Hoje, muito por mérito delas mesmas, que resolveram bagunçar o preconceito, temos dezenas de mulheres de destaque no mundo do futebol. Escrevem em jornais e revistas, apresentam programas esportivos, fazem comentários em rádio e TV, são repórteres e blogueiras, pesquisam e lançam livros, destacam-se na Academia com estudos de grande qualidade.

Tim Vickery, o excelente jornalista da BBC, lembrou no Redação Sportv (justamente o desse dia comemorativo) que, canhestramente, a beleza ainda é um dos componentes de exibição nas telinhas. Mas elas unem o útil ao agradável, e vão tomando o seu espaço, como de resto o fazem em outros setores profissionais. Com competência e sem preconceito. Com o pé na porta, sem perder a ternura jamais.

Para comemorar o Dia Internacional da Mulher (8 de março) – e todos os dias em que a mulherada desfila seu talento falando de esportes, particularmente futebol, escalei um time de craques. Onze mulheres que fazem do futebol o seu campo de trabalho ou estudo. Onze craques.

Senhoras e Senhores, entra em campo o Gol de Letras Futebol Clube!

NO GOL

Betty Milan (foto: Lailson Santos)

Betty Milan (foto: Lailson Santos)

A Craque – Betty Milan é psicanalista e escritora de romances, ensaios, crônicas e peças de teatro. Suas obras também foram publicadas na França, Argentina e China. Antes de se tornar escritora, formou-se em Medicina pela Universidade de São Paulo e especializou-se em Psicanálise na França com Jacques Lacan. Em março de 1998, foi convidada de honra do Salão do Livro de Paris, cujo tema era o Brasil.

A Obra

O País da Bola (Record, 1989, 21x14cm, 144 pág., R$32,90

O País da Bola (Record, 1989, 21x14cm, 144 pág., R$32,90

A Sinopse – A primeira edição do livro, em 1989, teve grande repercussão na imprensa, mas só foi distribuída como livro-brinde. Teve lançamento no salão nobre do Estádio do Pacaembu. Foi traduzido para o francês e lançado, em formato de bolso, no Salão do Livro de Paris, pela Éditions de l’Aube. No mesmo ano, a Record publicou uma edição de livraria revista e corrigida pela autora. Em 2014, ano da Copa do Mundo no Brasil, o livro foi reeditado com novo prefácio escrito pela autora. Antes de escrevê-lo, Betty Milan entrevistou Platini e ouviu dele que o Brasil é mesmo o país da bola, pois “é tão importante para os torcedores do mundo inteiro irem para o Brasil quanto para os muçulmanos irem à Meca“. O livro retrata o Brasil através do futebol. A autora atravessa o país da bola, indicando o que fez do football o futebol e dos nossos jogadores figuras lendárias. Mostra que há uma relação entre a cultura popular brasileira – a cultura do brincar – e o jogo inventivo de que somos capazes. Para ela, nós, brasileiros, somos treinados para a improvisação desde a infância, e o brincar é o elemento-chave da nossa cultura. Betty Milan focalizou o jogo para nos dizer quem somos, mas ainda porque o espaço do futebol é democrático e, nele, a palavra lei faz sentido (extraído de www.bettymilan.com.br).

NA ZAGA

GISELLA DE ARAÚJO MOURA (4)

GISELLA DE ARAÚJO MOURA (4)

A Craque – Mestre em História Social pelo Instituto de Filosofia e Ciências Sociais da UFRJ.

A Obra

O Rio corre para o Maracanã, de Gisella de Araújo Moura (Editora FGV, 1998, 154 pág.)

O Rio corre para o Maracanã, de Gisella de Araújo Moura (Editora FGV, 1998, 154 pág.)

Este livro está disponível em e-book: http://editora.fgv.br/o-rio-corre-para-o-maracana_1)

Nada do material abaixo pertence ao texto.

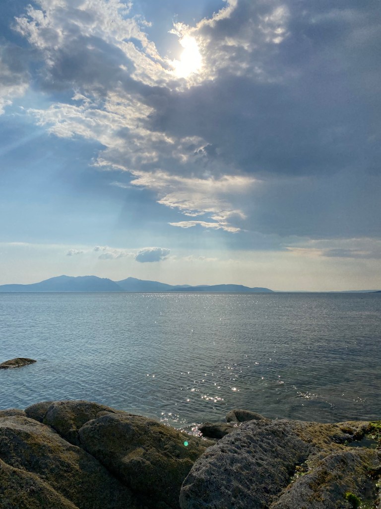 I’m sitting out on the rocks at Portencross again and it’s just out of this world. I feel like I just popped over to Greece for the evening! there is actually a heat haze over the sea!

A Sinopse – O objetivo central deste livro é examinar o contexto em que foi realizada a IV Copa do Mundo, relacionando-o ao projeto de difundir o futebol no Brasil, particularmente na cidade do Rio de Janeiro, e de incorporá-lo como um dos traços mais característicos da cultura brasileira. A realização do campeonato mundial é analisada como um momento particularmente importante de afirmação da identidade nacional brasileira através do futebol.

Veja o vídeo de um programa em que Marcos Eduardo Neves e eu participamos com ela, pouco antes da Copa do 7×1, no Canal Futura: www.youtube.com/watch?v=G4GTPjkFU3I. Depois de ver, dêem-me crédito: eu falei mal da Seleção antes da Copa começar… Leia mais em Literatura na Arquibancada, o blog do André Ribeiro.

CLARA ALBUQUERQUE (2)

CLARA ALBUQUERQUE (2)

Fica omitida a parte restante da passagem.